> [Your instructions]:
Take the entries below and print, exactly, the stretch from the line containing "交易策略: 在 58.20 之下,看跌,目标价位为 57.40 ,然后为 57.00 。" through the line containing "تلفن:5- 88349670 (021)", both included.

> [Records for the exercise]:
----------
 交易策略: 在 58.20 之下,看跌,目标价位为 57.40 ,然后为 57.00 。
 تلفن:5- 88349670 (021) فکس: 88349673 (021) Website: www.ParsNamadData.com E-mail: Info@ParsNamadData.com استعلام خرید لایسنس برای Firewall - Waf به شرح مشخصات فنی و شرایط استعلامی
----------
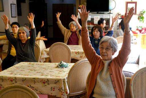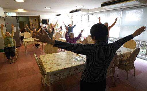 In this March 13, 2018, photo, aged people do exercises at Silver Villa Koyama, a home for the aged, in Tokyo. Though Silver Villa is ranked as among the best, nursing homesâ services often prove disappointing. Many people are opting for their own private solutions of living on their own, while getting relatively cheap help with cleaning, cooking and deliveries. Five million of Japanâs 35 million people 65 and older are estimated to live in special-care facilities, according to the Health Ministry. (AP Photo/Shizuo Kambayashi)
----------
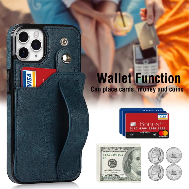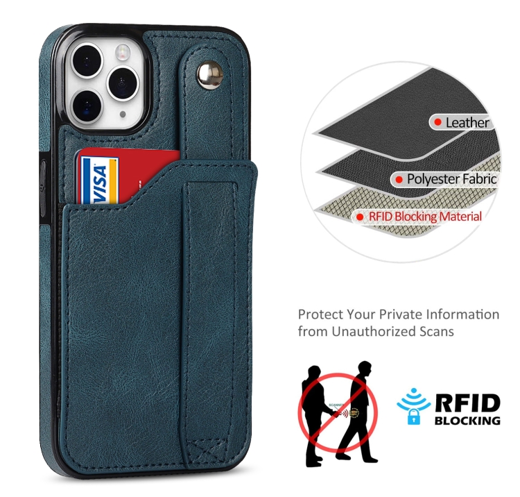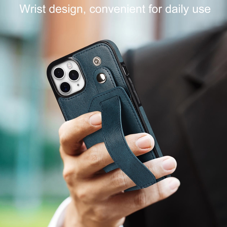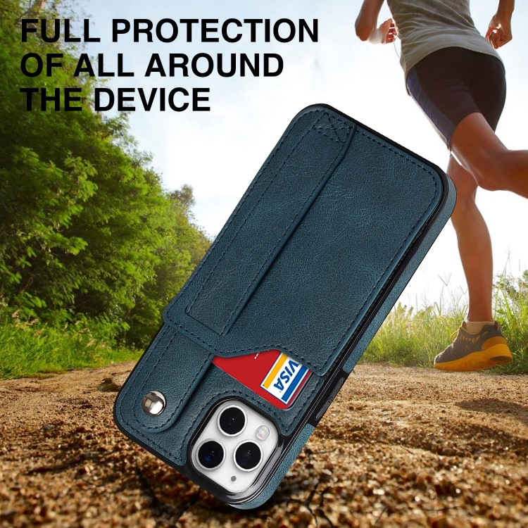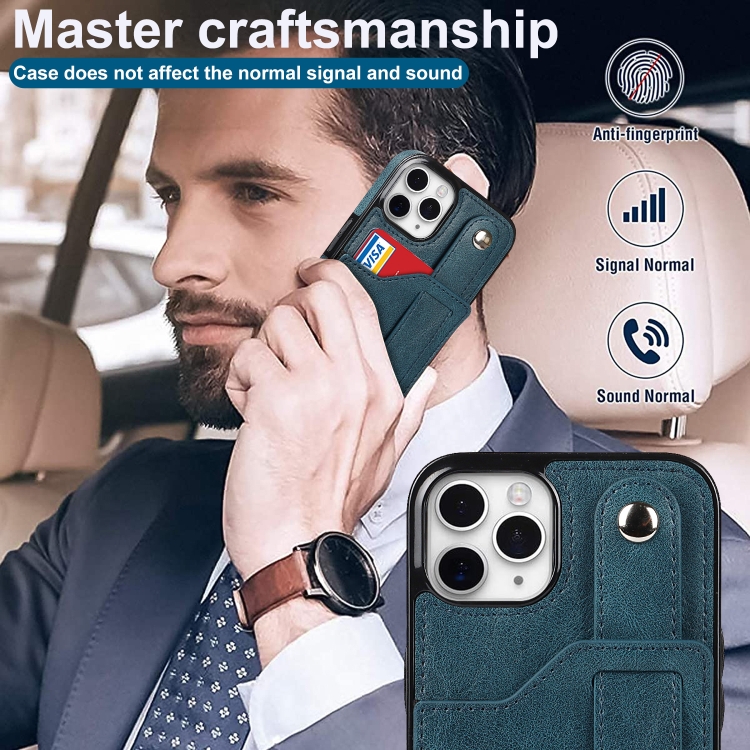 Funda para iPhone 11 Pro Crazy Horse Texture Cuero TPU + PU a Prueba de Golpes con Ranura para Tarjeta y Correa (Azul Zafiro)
----------
> [Response to the task]:
 交易策略: 在 58.20 之下,看跌,目标价位为 57.40 ,然后为 57.00 。
 تلفن:5- 88349670 (021) فکس: 88349673 (021) Website: www.ParsNamadData.com E-mail: Info@ParsNamadData.com استعلام خرید لایسنس برای Firewall - Waf به شرح مشخصات فنی و شرایط استعلامی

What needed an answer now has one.